Na-site coordination environment regulation of Mn-based phosphate cathodes for sodium-ion batteries with elevated working voltage and energy density

Abstract

Mn-based sodium superionic conductor (NASICON) phosphate cathodes have been considered as new promising candidates for high-energy, low-cost and relatively environmentally friendly sodium-ion batteries (SIBs). Such cathodes, however, suffer from limited Na⁺ mobility owing to rigid coordinated environments of Na⁺ ions at Na(1) sites and low intrinsic electronic conductivity due to the blocked electronic pathways caused by the big size and isolating nature of PO₄³⁻ groups in the NASICON structure, leading to low utilization, poor rate capability and cycling performance. To address the above issues, a facile and efficient strategy to regulate the Na-site coordination environment in Na₄MnV(PO₄)₃ (NMVP) has been reported by introducing K⁺ at Na(1) sites for realizing a flexible Na-site coordinated environment and enhancing Na⁺ diffusion. Combining theoretical calculation and experimental results, it is corroborated that the K⁺ dopant at Na(1) sites can efficiently reduce the Na⁺ diffusion energy barrier and increase structural stability and working voltage.
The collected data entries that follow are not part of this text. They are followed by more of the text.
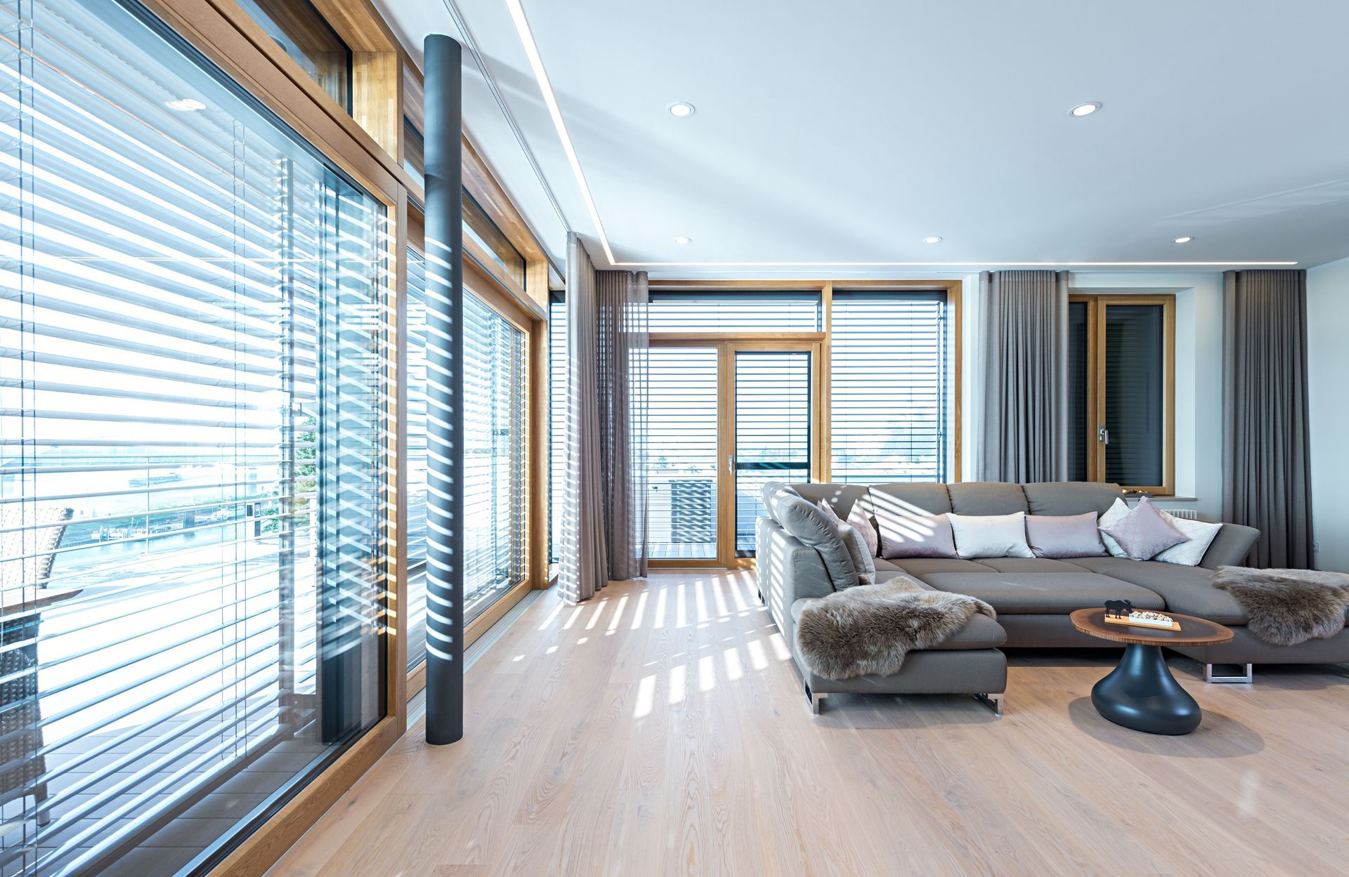Unsere Alu-Raffstoren sind stets mit mindestens 60 mm breiten Lamellen ausgestattet. Warum? Weil außen liegender Sonnenschutz nur mit breiten Lamellen wirklich effektiv ist. Diese bieten nicht nur eine hervorragende Stabilität, sondern auch eine besonders lange Lebensdauer. Die Raffstore-Lösungen bieten Ihnen eine Vielzahl an Funktionsmöglichkeiten und Ausstattungsoptionen, die individuell an Ihre Wünsche und Bedürfnisse angepasst werden können.
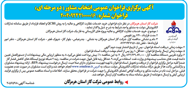 شرکت گاز استان هرمزگان در نظر دارد فراخوان خرید خدمات نظارت کارگاهی و عالیه را به روش QCBS و انعقاد قرارداد از طریق سامانه تدارکات الکترونیکی دولت به مشاور واجد شرایط به شرح ذیل واگذار نماید :
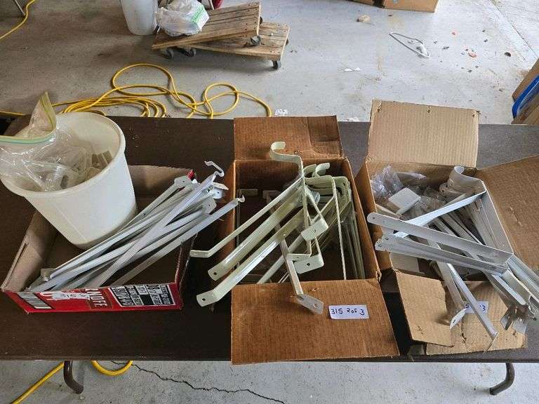 These are metal shelf brackets available in white and beige, suitable for wall mounting, includes mounting hardware, approximate length 10-12 inches, typical load capacity 50-75 lbs per pair, Serial No. 35643, 35642.
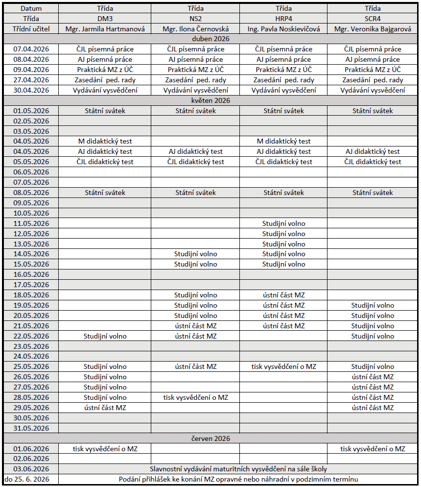Maturitní kalendář – jaro 2026
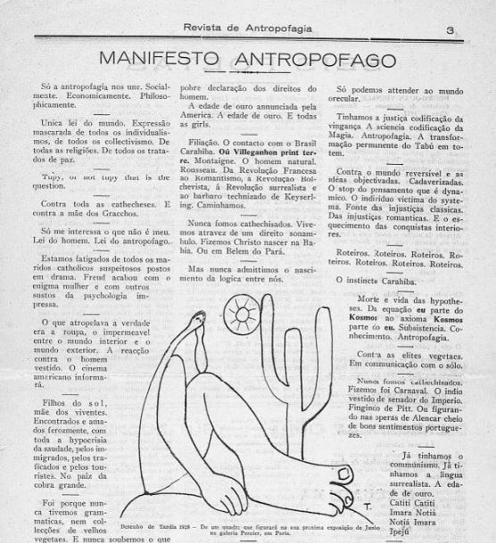 The Tropicália artists of the 1960s didn’t treat Oswald de Andrade’s Manifesto Antropófago (1928) as just some museum piece. They used it like a tool. Andrade’s point was simple and strange enough to work: Brazil’s real strength is its ability to swallow foreign influence and turn it into something new. “Cannibalism,” for him, wasn’t violence at all but a kind of cultural metabolism. Caetano Veloso, Gilberto Gil, Hélio Oiticica and the rest followed this line of thinking without much ceremony. They took in European forms, chewed through them, and handed back something that didn’t resemble the original source. Consuming the dominant culture wasn’t imitation; it was the quickest route to undoing it. In their hands, cannibalism becomes less a metaphor and more a practice—a way of working with the world by taking it apart from the inside.
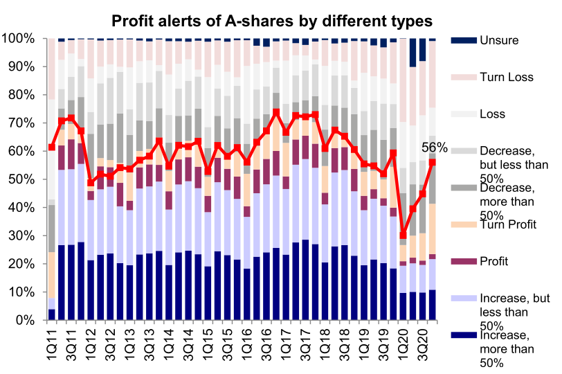 图表: 在已经发布2020年业绩预告的A股公司中,56%的公司发布了正面业绩预告,高于2020年3季度的45%
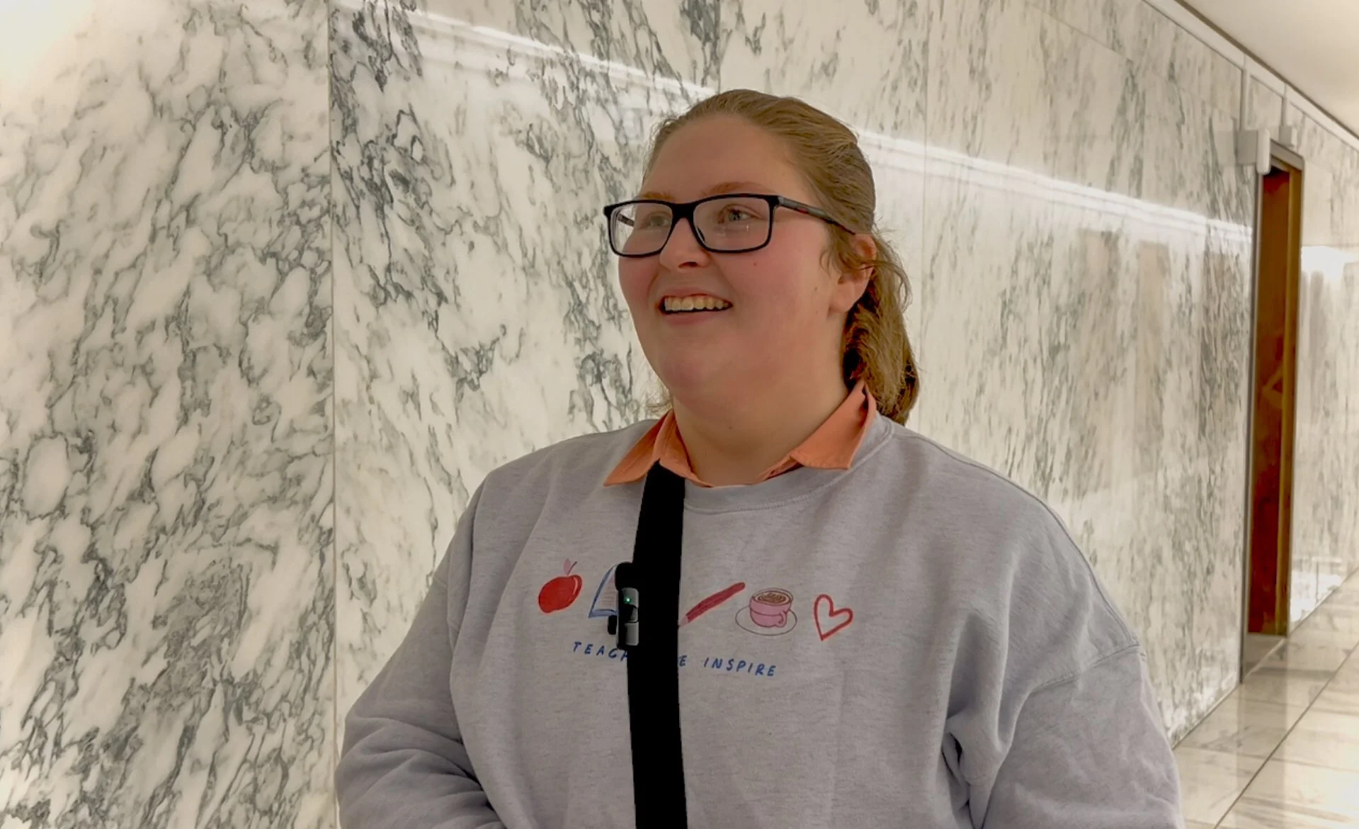 Jessica Magguilli speaks about agriculture advocacy in the New York Legislative Building (Photo by Jake Zajkowski)
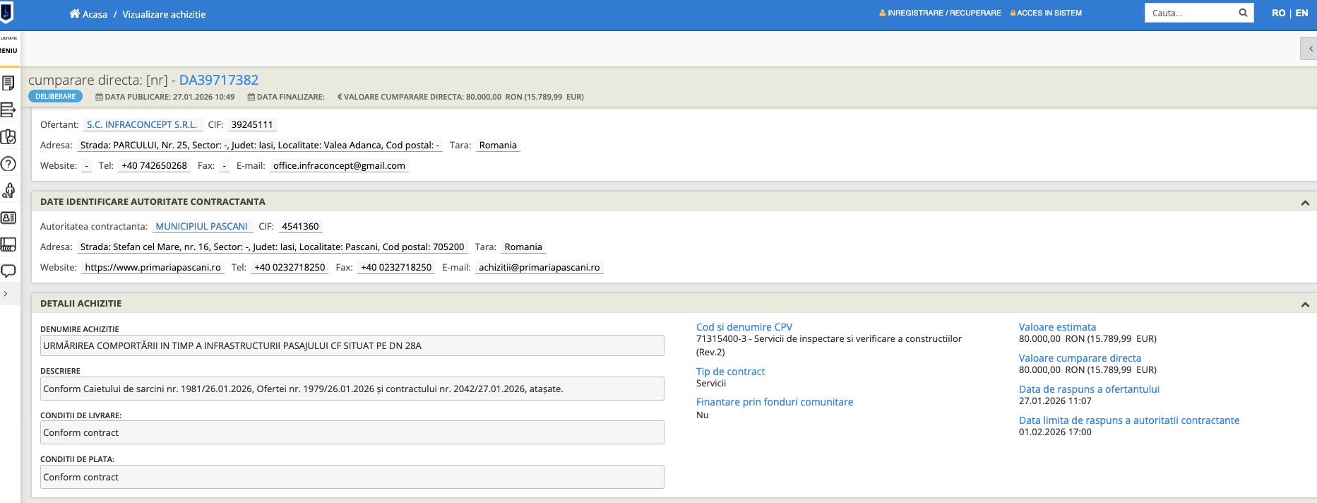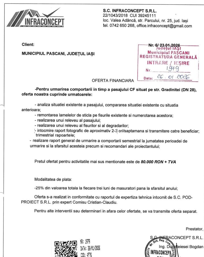 Termenul-limită a fost depășit, podul este la fel, iar până acum nu au fost făcute lucrări de reparații sau consolidare. În schimb, administrația locală achită în fiecare an sume importante de bani pentru monitorizarea podului. Ultima achiziție a serviciilor este de acum câteva zile, pentru anul 2026. Valoarea contractului este de 80.000 lei fără TVA. De acești bani este montat un dispozitiv pe structura de susținere a podului, iar periodic se fac verificări cu privire la gradul de degradare.
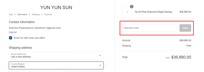 Save on the jewelry of your choice, select the YUN YUN SUN discount code, and save the code for later use.
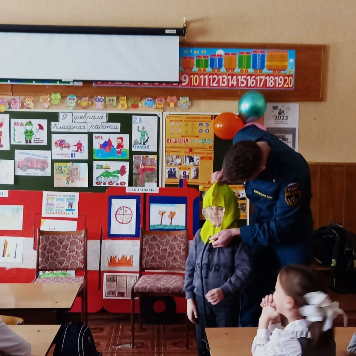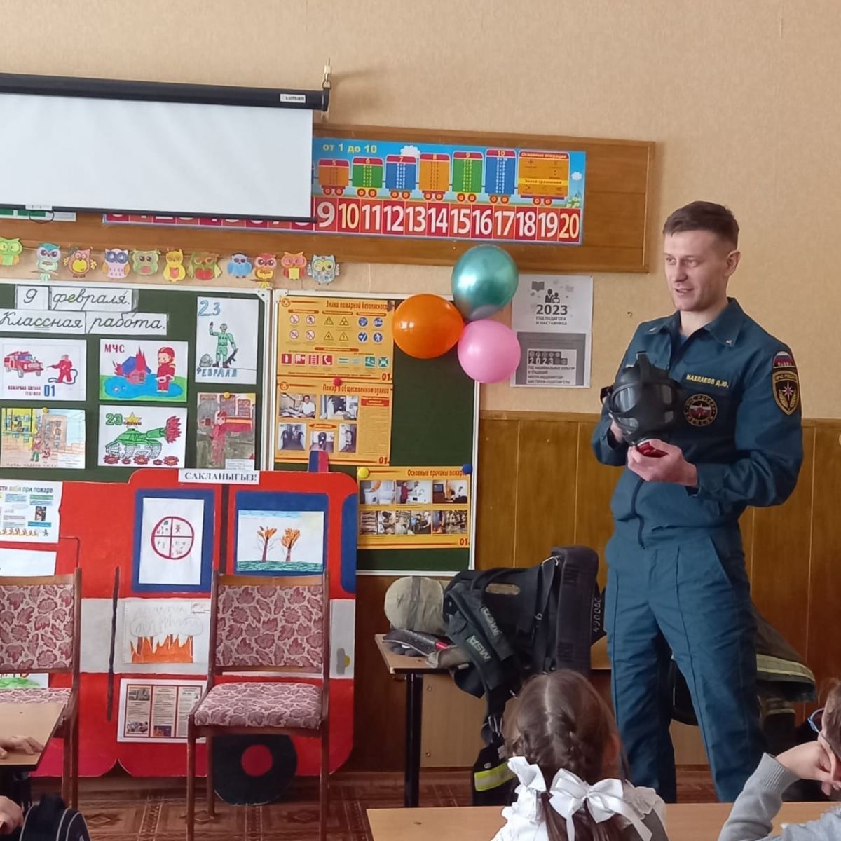 Встреча со спасателем МЧС и оператором ООН в 1г классе.
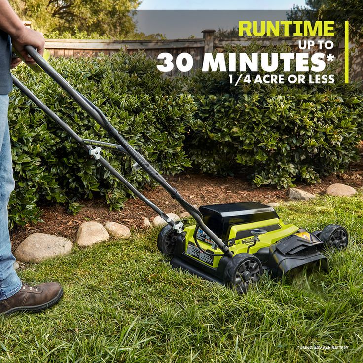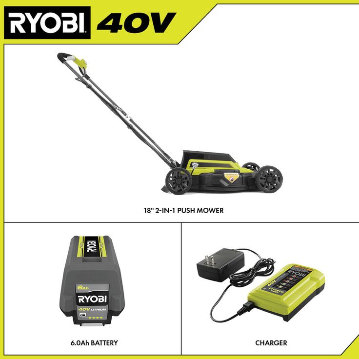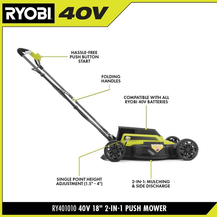 RYOBI continues to simplify yard work with the introduction of the 40-Volt Lithium-Ion 18 in. 2-in-1 Cordless Lawn Mower. Powered by a 40-Volt 4 AH Lithium-Ion Battery you can start mowing with the push of a button, instead of having to hassle with extension cords or mixing gas and oil. Select your ideal grass height from 1.5 in. to 4 in. with the 7-position single point height adjustment. The 2-in-1 mulching and side discharge options let you choose which mowing function is best for your yard. Release the mulch door before mowing to fertilize your lawn with clippings or insert the side discharge chute to discharge your clippings to the side. The compact design features a sleek 18 in. deck, and collapsible handles, making it ideal for storage in tight spaces. This mower and the included battery are compatible with all RYOBI 40V tools, batteries and chargers. Backed by a 5-year Limited Warranty.

By synergistically utilizing the modulation of the Na-site coordination environment and 3D conductive networks, the optimized Na_3.8K_0.2MnV(PO₄)₃/carbon nanotube hybrids exhibit superior rate capability and cycling performance with 216% capacity improvement at 15C, and 52.5% increase in energy density in contrast to pristine counterparts, and a capacity retention of 81% after 2300 cycles at 10C, revealing their great potential for practical and cost-effective energy storage applications.